Case 8: How is biodiversity measured?

CASE 8 BIODIVERSITY HOTSPOTS: RAIN FORESTS AND CORAL REEFS

A key feature of any community is its biodiversity, or biological diversity. Biodiversity is often taken to mean the number of species, but we can also think of it more broadly and at many levels, including the variety of different genetic sequences, cell types, metabolisms, species, life histories, phylogenetic groups, communities, and ecosystems. We can also consider biodiversity for a particular place, such as the island of Hispaniola, or a tropical rain forest on the island of Hispaniola, or the entire planet.

Biodiversity is usually measured by counting the number of species present in a particular area. Because of limitations in time and expertise, scientists often focus on a subset of the taxonomic groups present. In terrestrial ecosystems, a good predictor of species diversity is the number of plant species, which reflects local moisture and temperature conditions. From this number, scientists can then estimate the numbers of other species, including the arthropods and other small animals that live on or near the plants, the birds and other vertebrates that prey on the insects and plants, the larger predators that prey on these, and the fungi and other decomposers that return the nutrients in dead bodies to the soil.

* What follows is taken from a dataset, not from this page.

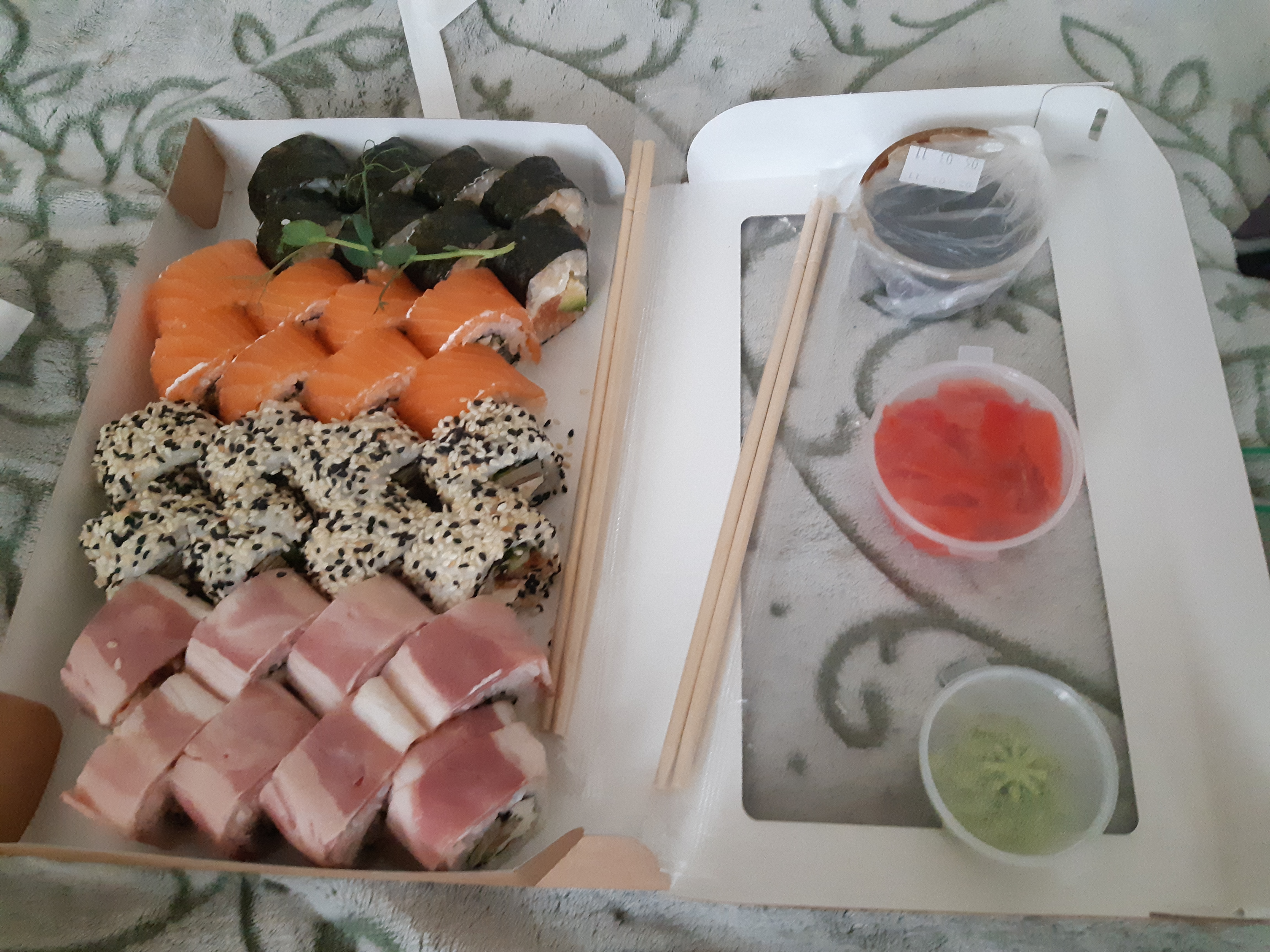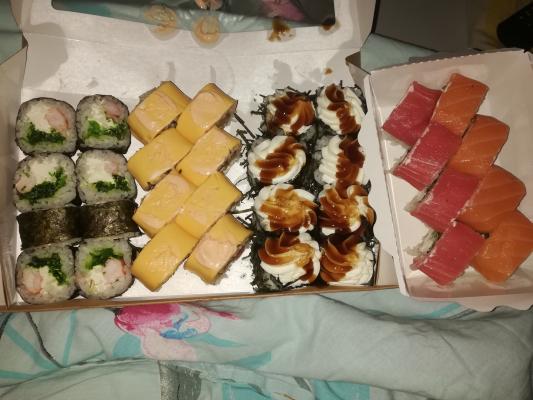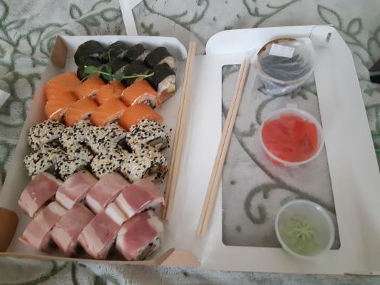 Спасибо за суши. Вкусные, свежие, хорошая начитка. Порадовало наличие гарнира. Доставка, как и обещали, в течение часа. Брала сет 3. Рекомендую.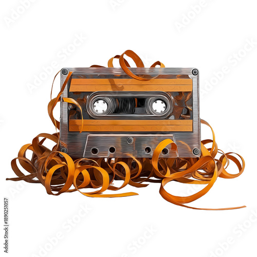 Orange Cassette Tape with Unwound Magnetic Tape graphic isolated on a transparent background

As a result, the number of species of flowering plants is among the best known, while the number of species of their ecological associates, the insects and fungi, is among the least known. On the island of Hispaniola, nearly every flowering plant species, approximately 6000 in all, is known. Because scientists estimate that there are about 2–3 times as many kinds of insects as flowering plants at any given place, the number of insect species will likely total about 12,000–18,000 once all are known. Each year studies of different insect groups are published that report a doubling or tripling of the known species. For example, recent studies of fireflies on the island reported a new total of 69 species, up from the 17 previously known. Other insects show the same pattern, as do other animals and fungi.

Tropical islands such as Hispaniola, Hawaii, and the Galápagos are missing elements of biodiversity that have not colonized them from the nearest mainland. Only a few of the South American frog and lizard groups are found on Hispaniola, and none but large iguanas made it to the Galápagos, which are farther away from the mainland. Nevertheless, the presence of many still unknown species of most animals and fungi makes ecological studies of tropical regions difficult. For this reason, scientists have turned to simpler communities such as those in extreme environments, where the ecological interactions can often be more completely understood.